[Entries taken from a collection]
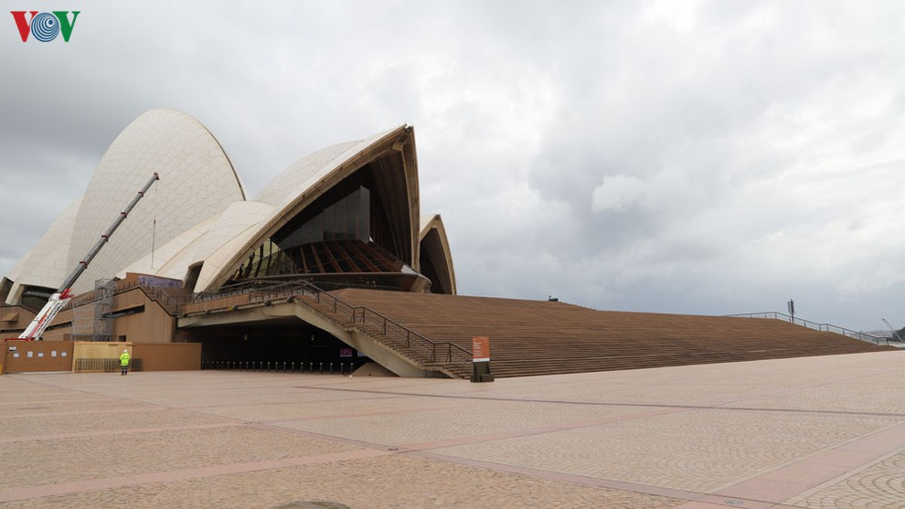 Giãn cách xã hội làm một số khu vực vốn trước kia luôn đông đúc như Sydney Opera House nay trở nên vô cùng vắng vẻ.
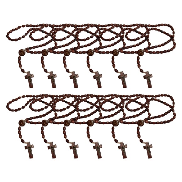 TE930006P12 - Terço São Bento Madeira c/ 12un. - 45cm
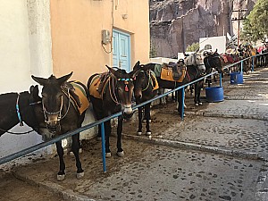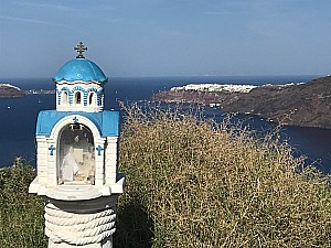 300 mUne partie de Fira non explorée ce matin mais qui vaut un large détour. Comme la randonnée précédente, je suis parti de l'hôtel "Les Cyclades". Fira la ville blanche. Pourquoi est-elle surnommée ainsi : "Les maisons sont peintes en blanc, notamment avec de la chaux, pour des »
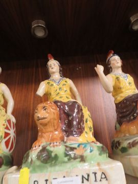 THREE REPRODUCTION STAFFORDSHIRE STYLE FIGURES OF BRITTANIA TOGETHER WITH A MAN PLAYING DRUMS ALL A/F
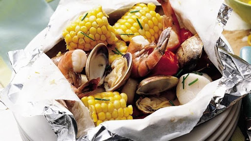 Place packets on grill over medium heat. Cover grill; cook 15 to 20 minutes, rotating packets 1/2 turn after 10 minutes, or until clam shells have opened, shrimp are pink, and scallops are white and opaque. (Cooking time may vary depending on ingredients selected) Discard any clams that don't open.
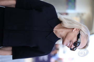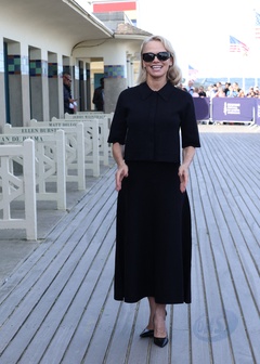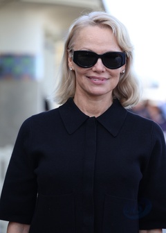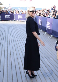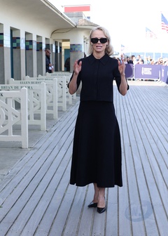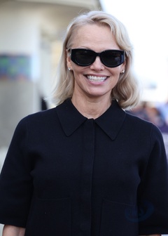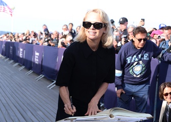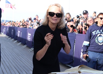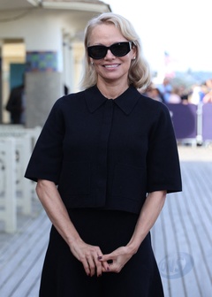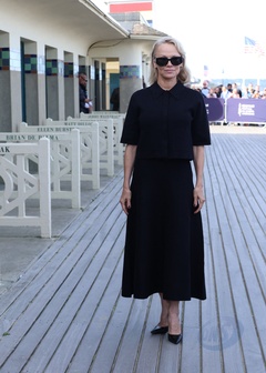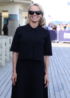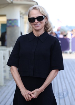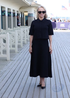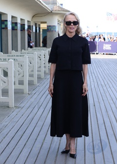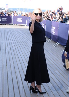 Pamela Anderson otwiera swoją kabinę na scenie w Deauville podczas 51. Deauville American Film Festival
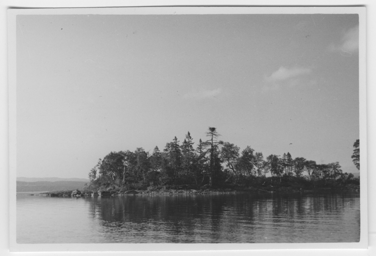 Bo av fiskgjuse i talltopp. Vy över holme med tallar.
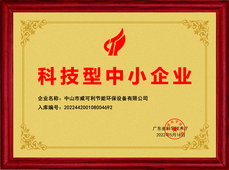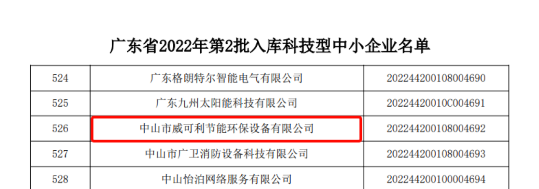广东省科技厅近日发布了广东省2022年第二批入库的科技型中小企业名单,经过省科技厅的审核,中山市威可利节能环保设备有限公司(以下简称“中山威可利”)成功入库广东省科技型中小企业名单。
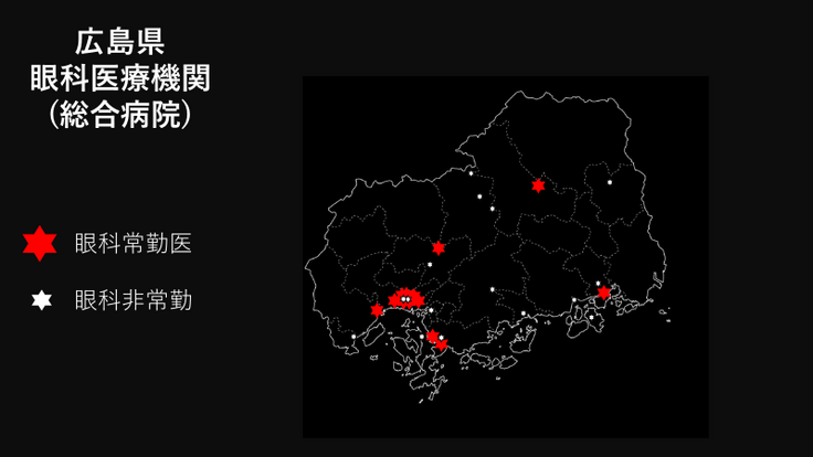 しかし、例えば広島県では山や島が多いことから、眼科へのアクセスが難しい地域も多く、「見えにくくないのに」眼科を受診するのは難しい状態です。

About this task
What you return must match the lines from the top of the data through the line with "广东省科技厅近日发布了广东省" exactly, with the pictures removed.

Solution to the exercise
 Giãn cách xã hội làm một số khu vực vốn trước kia luôn đông đúc như Sydney Opera House nay trở nên vô cùng vắng vẻ.
 TE930006P12 - Terço São Bento Madeira c/ 12un. - 45cm
 300 mUne partie de Fira non explorée ce matin mais qui vaut un large détour. Comme la randonnée précédente, je suis parti de l'hôtel "Les Cyclades". Fira la ville blanche. Pourquoi est-elle surnommée ainsi : "Les maisons sont peintes en blanc, notamment avec de la chaux, pour des »
 THREE REPRODUCTION STAFFORDSHIRE STYLE FIGURES OF BRITTANIA TOGETHER WITH A MAN PLAYING DRUMS ALL A/F
 Place packets on grill over medium heat. Cover grill; cook 15 to 20 minutes, rotating packets 1/2 turn after 10 minutes, or until clam shells have opened, shrimp are pink, and scallops are white and opaque. (Cooking time may vary depending on ingredients selected) Discard any clams that don't open.
 Pamela Anderson otwiera swoją kabinę na scenie w Deauville podczas 51. Deauville American Film Festival
 Bo av fiskgjuse i talltopp. Vy över holme med tallar.
广东省科技厅近日发布了广东省2022年第二批入库的科技型中小企业名单,经过省科技厅的审核,中山市威可利节能环保设备有限公司(以下简称“中山威可利”)成功入库广东省科技型中小企业名单。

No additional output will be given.